▶ _Your objective_
Quote the records beneath, complete and exact. Leave out images.

[Records from a data source]
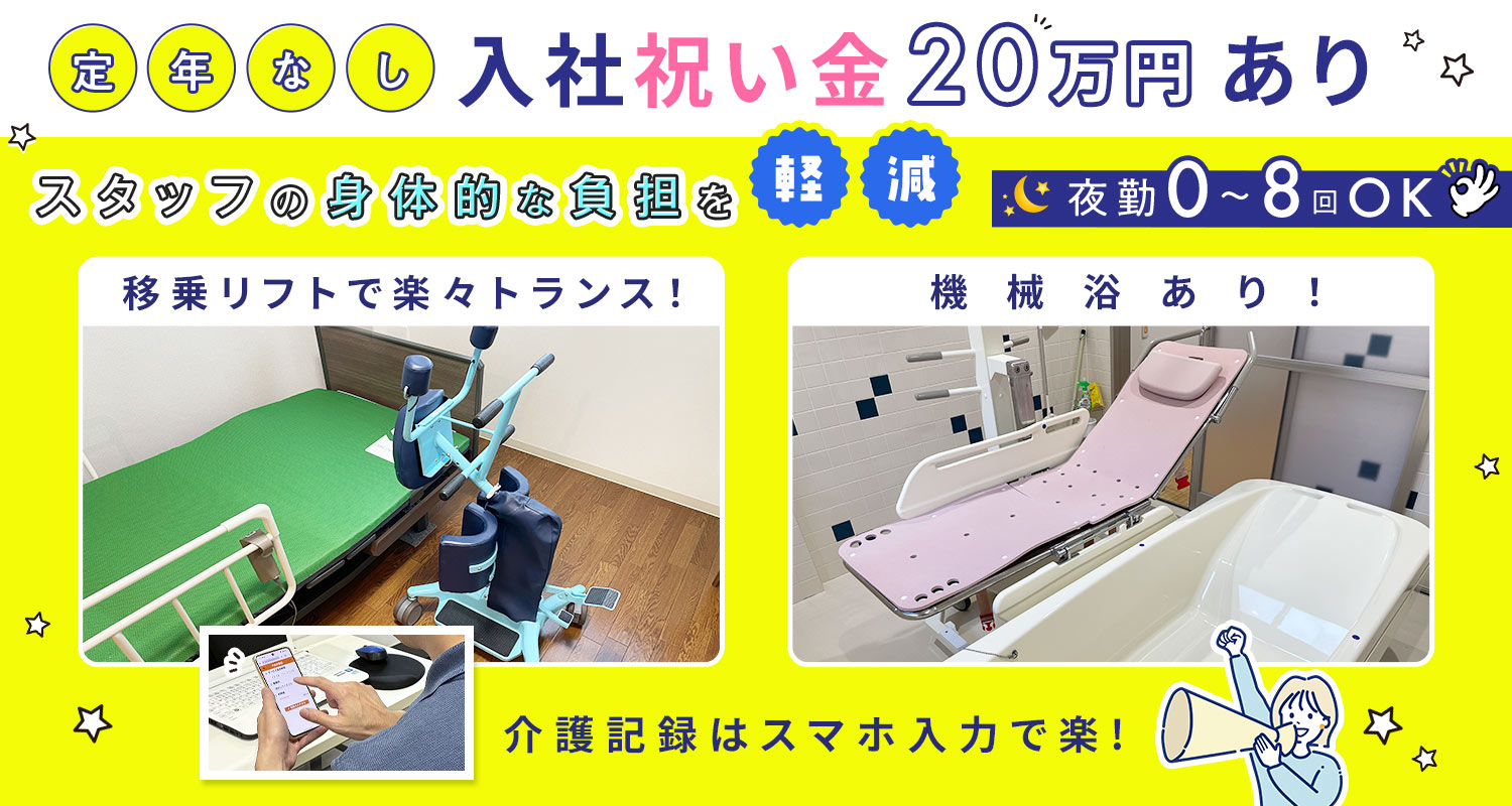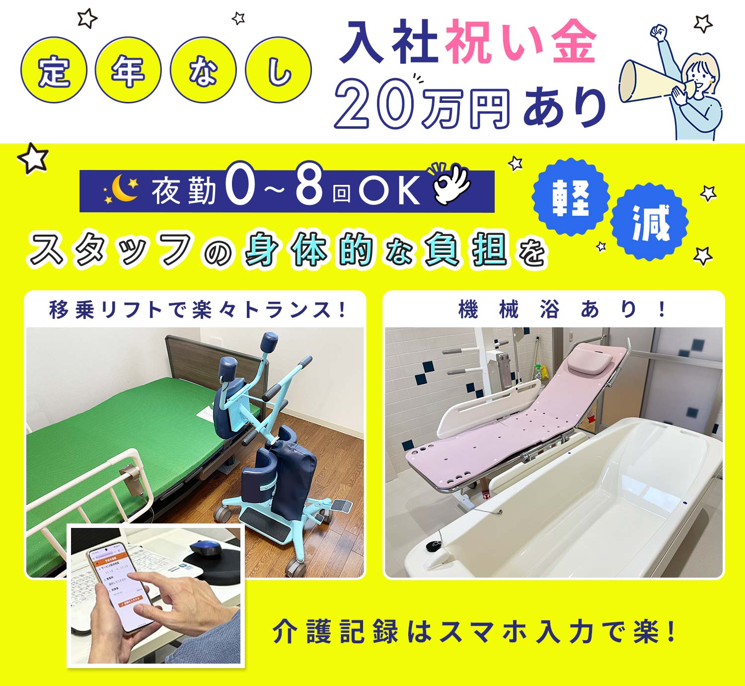 | 応募資格 | (1)介護職員初任者研修修了(旧ヘルパー2級)以上 (2)介護福祉士 #ブランクOK ※定年なし (50代以上の採用実績あり) ※ミドルも歓迎 |
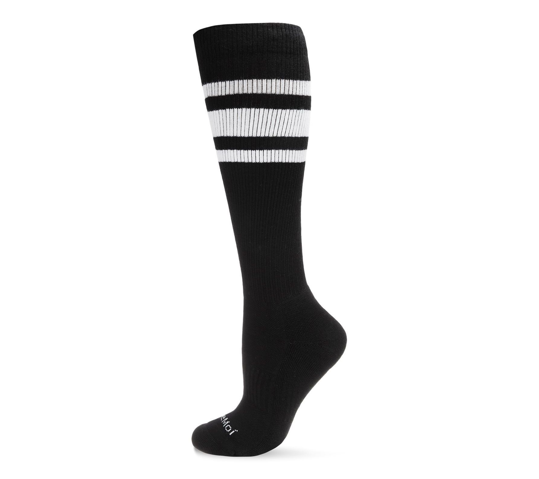 Get ready to elevate your game with Memoi unisex striped athletic cushion compression socks. These knee-high socks feature 15-20mmHg graduated compression to promote blood circulation and provide relief for your legs after a workout. With a soft, cushioned cotton blend and an athletic banded comfort cuff that stays in place, you'll experience ultimate comfort all day long. From Memoi.
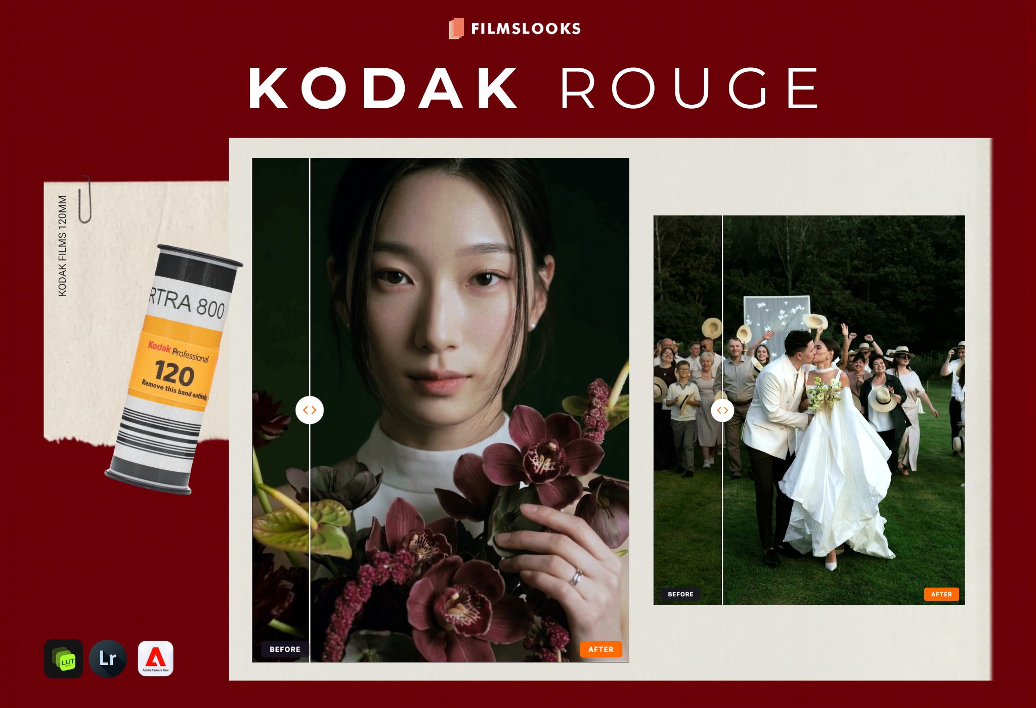 FILMSLOOKS KODAK ROUGE includes 15 Kodak film color profiles used for all digital cameras and flexible for weddings, portrait & fashion in both indoor & outdoor lighting conditions.
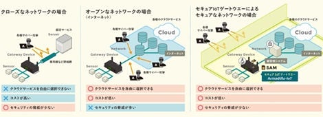 こうした課題に対して、インターネットを利用することで運用コストを抑えながら、セキュリティが保たれたIoT環境を実現するため、DNP、コネクシオ、アットマークテクノは、各種センサーなどが取得したデータや機器が生成するログなどのデータを安全にクラウドサービスに送信するIoT用のゲートウエー端末を開発しました。
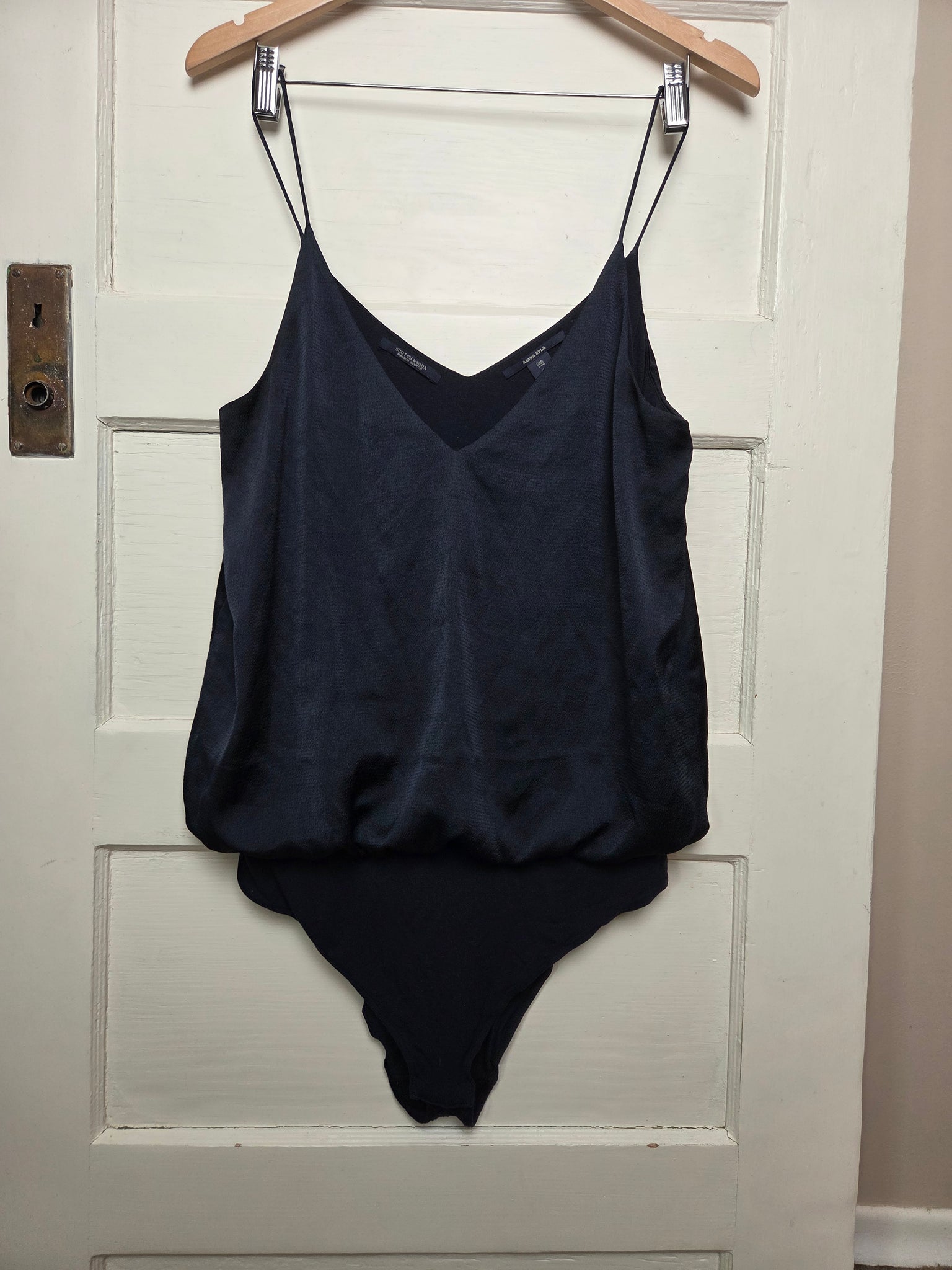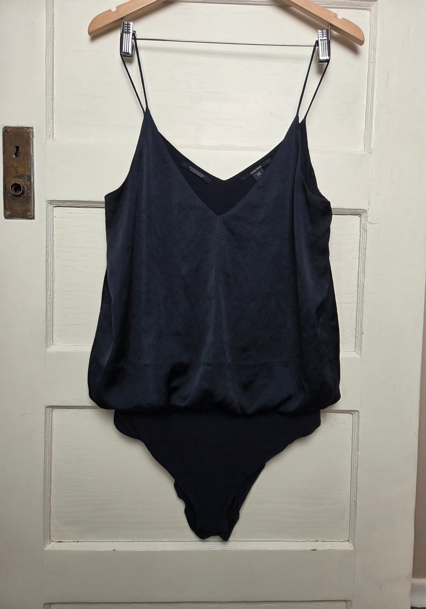 Women's spaghetti-strap V-neck bodysuit (also called a camisole bodysuit or leotard-style top) from the brand Scotch & Soda, specifically under their Maison Scotch line.
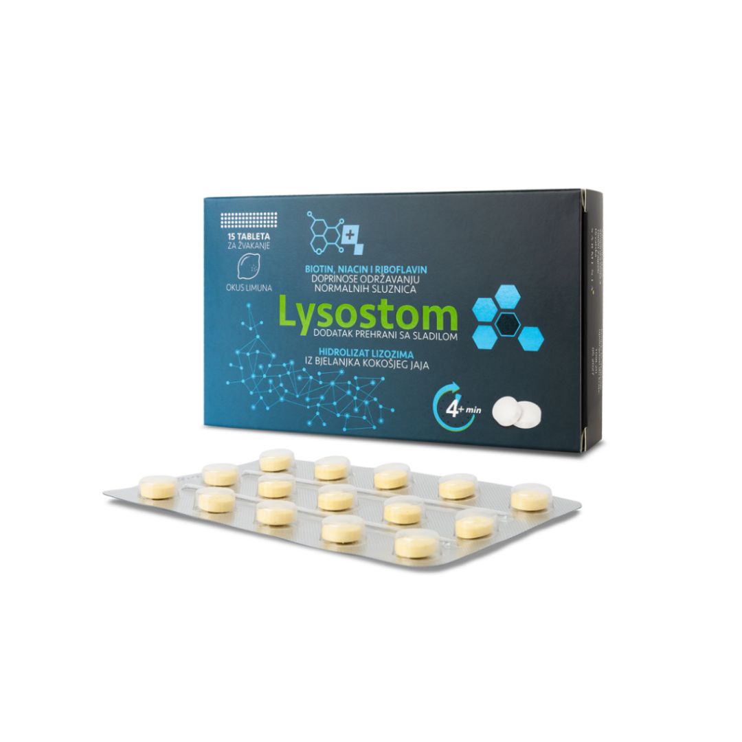 Lysostom sa sladilom i hidrolizatom lizozima iz bjelanjka jaja. Osvježavajući okus limuna, podrška imunitetu.
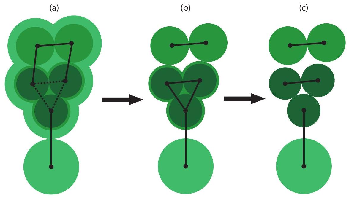 في الشكل 2(c) نقدم مثالاً مع شجرتين متناوبتين، ونصور متغيراً مزدوجاً كونه نصف قطر منطقة دائرية مركزة على عقدته. من خلال تصور المتغيرات المزدوجة بهذه الطريقة، يكون الحافة بين عقدتين تافهتين مشدودة إذا كانت المناطق عند نقاط نهايتها تلامس. في هذا المثال، نقوم بتحديث المتغيرات المزدوجة (الأشعة) حتى تلامس الشجرتان المتناوبتان، في هذه النقطة تصبح الحافة التي تربط الشجرتين مشدودة، ويمكننا زيادة المسار بين جذور الشجرتين. لاحظ أنه يمكننا فقط تصور المتغيرات المزدوجة كأشعة مناطق بهذه الطريقة عندما تكون غير سالبة. بينما تكون المتغيرات المزدوجة للزهور دائماً غير سالبة (كما يفرضه المعادلة 5c)، يمكن أن تصبح المتغيرات المزدوجة للعقد العادية سالبة بشكل عام. ومع ذلك، عند تشغيل خوارزمية الزهرة في رسم بياني على شكل مسار، فإن المتغير الثنائي لكل عقدة منتظمة يكون دائمًا غير سالب، وذلك بسبب هيكل الرسم البياني. يمكن فهم ذلك على النحو التالي. اعتبر أي عقدة داخلية منتظمة.هذا ليس زهرة، التي يجب أن تحتوي بالضرورة على عقدة خارجية واحدة فقط.في شجرتها المتناوبة (مطابقتها)، بالإضافة إلى عقدتها الخارجية الأم الواحدةتذكر أن رسم المسار هو رسم بياني كامل حيث الوزن لكل حافة ( ) هو طول أقصر مسار بين العقد و في بعض الرسوم البيانية الأخرى (على سبيل المثال، في حالتنا دائمًا رسم بياني للكاشف). لذلك هناك أيضًا حافة ( ) في رسم المسار مع الوزن ، حيث نعلم أن هناك على الأقل مسار واحد منإلىبطول، الذي يتوافق مع اتحاد أقصر مسار منإلىوأقصر طريق منإلى. لذلك، لا يمكننا أن نملكدون أن يكونالذي سينتهك المعادلة 5 ب. بشكل أكثر تحديدًا، إذاثم نعلم أن الحافةيجب أن تكون محكمة، مما يعني أنه يمكننا تشكيل زهرة جديدة من دورة الزهور (يمكن أن تصبح هذه الزهرة عقدة خارجية في الشجرة المتناوبة (التي قد تكون الآن تافهة).
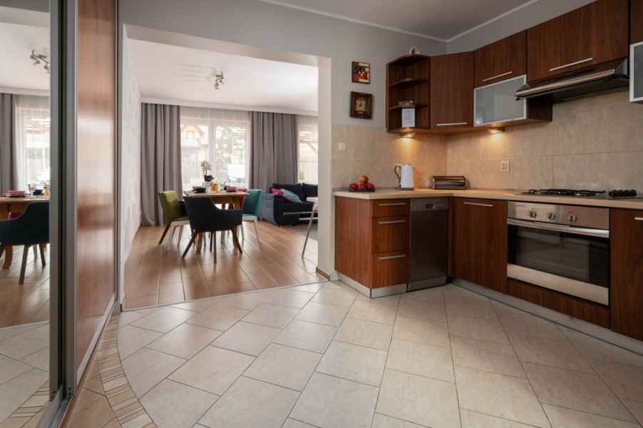 - w pełni wyposażona kuchnia (kuchenka gazowa z piekarnikiem, duża lodówka z zamrażalnikiem, zmywarka, mikrofalówka itp.),
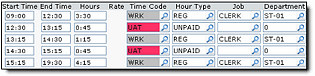 The employee's timesheet has several segments of work, and two, 45-minute segments with the UAT time code.
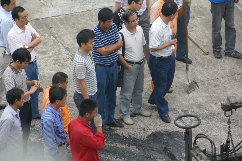 2010年9月10日上午10時,梅山路“白”加“黑”改造工程的業(yè)主,六安市建委副主任曹德林、總工周培勇攜本項目監(jiān)理單位和設(shè)計單位主要領(lǐng)導蒞臨我公司視察,檢查梅山路瀝青砼路面施工準備情況,并作出進一步的要求和指示,公司董事長兼總經(jīng)理萬世林同志率公司各部門全程陪同。

▶ _Task response_
 | 応募資格 | (1)介護職員初任者研修修了(旧ヘルパー2級)以上 (2)介護福祉士 #ブランクOK ※定年なし (50代以上の採用実績あり) ※ミドルも歓迎 |
 Get ready to elevate your game with Memoi unisex striped athletic cushion compression socks. These knee-high socks feature 15-20mmHg graduated compression to promote blood circulation and provide relief for your legs after a workout. With a soft, cushioned cotton blend and an athletic banded comfort cuff that stays in place, you'll experience ultimate comfort all day long. From Memoi.
 FILMSLOOKS KODAK ROUGE includes 15 Kodak film color profiles used for all digital cameras and flexible for weddings, portrait & fashion in both indoor & outdoor lighting conditions.
 こうした課題に対して、インターネットを利用することで運用コストを抑えながら、セキュリティが保たれたIoT環境を実現するため、DNP、コネクシオ、アットマークテクノは、各種センサーなどが取得したデータや機器が生成するログなどのデータを安全にクラウドサービスに送信するIoT用のゲートウエー端末を開発しました。
 Women's spaghetti-strap V-neck bodysuit (also called a camisole bodysuit or leotard-style top) from the brand Scotch & Soda, specifically under their Maison Scotch line.
 Lysostom sa sladilom i hidrolizatom lizozima iz bjelanjka jaja. Osvježavajući okus limuna, podrška imunitetu.
 في الشكل 2(c) نقدم مثالاً مع شجرتين متناوبتين، ونصور متغيراً مزدوجاً كونه نصف قطر منطقة دائرية مركزة على عقدته. من خلال تصور المتغيرات المزدوجة بهذه الطريقة، يكون الحافة بين عقدتين تافهتين مشدودة إذا كانت المناطق عند نقاط نهايتها تلامس. في هذا المثال، نقوم بتحديث المتغيرات المزدوجة (الأشعة) حتى تلامس الشجرتان المتناوبتان، في هذه النقطة تصبح الحافة التي تربط الشجرتين مشدودة، ويمكننا زيادة المسار بين جذور الشجرتين. لاحظ أنه يمكننا فقط تصور المتغيرات المزدوجة كأشعة مناطق بهذه الطريقة عندما تكون غير سالبة. بينما تكون المتغيرات المزدوجة للزهور دائماً غير سالبة (كما يفرضه المعادلة 5c)، يمكن أن تصبح المتغيرات المزدوجة للعقد العادية سالبة بشكل عام. ومع ذلك، عند تشغيل خوارزمية الزهرة في رسم بياني على شكل مسار، فإن المتغير الثنائي لكل عقدة منتظمة يكون دائمًا غير سالب، وذلك بسبب هيكل الرسم البياني. يمكن فهم ذلك على النحو التالي. اعتبر أي عقدة داخلية منتظمة.هذا ليس زهرة، التي يجب أن تحتوي بالضرورة على عقدة خارجية واحدة فقط.في شجرتها المتناوبة (مطابقتها)، بالإضافة إلى عقدتها الخارجية الأم الواحدةتذكر أن رسم المسار هو رسم بياني كامل حيث الوزن لكل حافة ( ) هو طول أقصر مسار بين العقد و في بعض الرسوم البيانية الأخرى (على سبيل المثال، في حالتنا دائمًا رسم بياني للكاشف). لذلك هناك أيضًا حافة ( ) في رسم المسار مع الوزن ، حيث نعلم أن هناك على الأقل مسار واحد منإلىبطول، الذي يتوافق مع اتحاد أقصر مسار منإلىوأقصر طريق منإلى. لذلك، لا يمكننا أن نملكدون أن يكونالذي سينتهك المعادلة 5 ب. بشكل أكثر تحديدًا، إذاثم نعلم أن الحافةيجب أن تكون محكمة، مما يعني أنه يمكننا تشكيل زهرة جديدة من دورة الزهور (يمكن أن تصبح هذه الزهرة عقدة خارجية في الشجرة المتناوبة (التي قد تكون الآن تافهة).
 - w pełni wyposażona kuchnia (kuchenka gazowa z piekarnikiem, duża lodówka z zamrażalnikiem, zmywarka, mikrofalówka itp.),
 The employee's timesheet has several segments of work, and two, 45-minute segments with the UAT time code.
 2010年9月10日上午10時,梅山路“白”加“黑”改造工程的業(yè)主,六安市建委副主任曹德林、總工周培勇攜本項目監(jiān)理單位和設(shè)計單位主要領(lǐng)導蒞臨我公司視察,檢查梅山路瀝青砼路面施工準備情況,并作出進一步的要求和指示,公司董事長兼總經(jīng)理萬世林同志率公司各部門全程陪同。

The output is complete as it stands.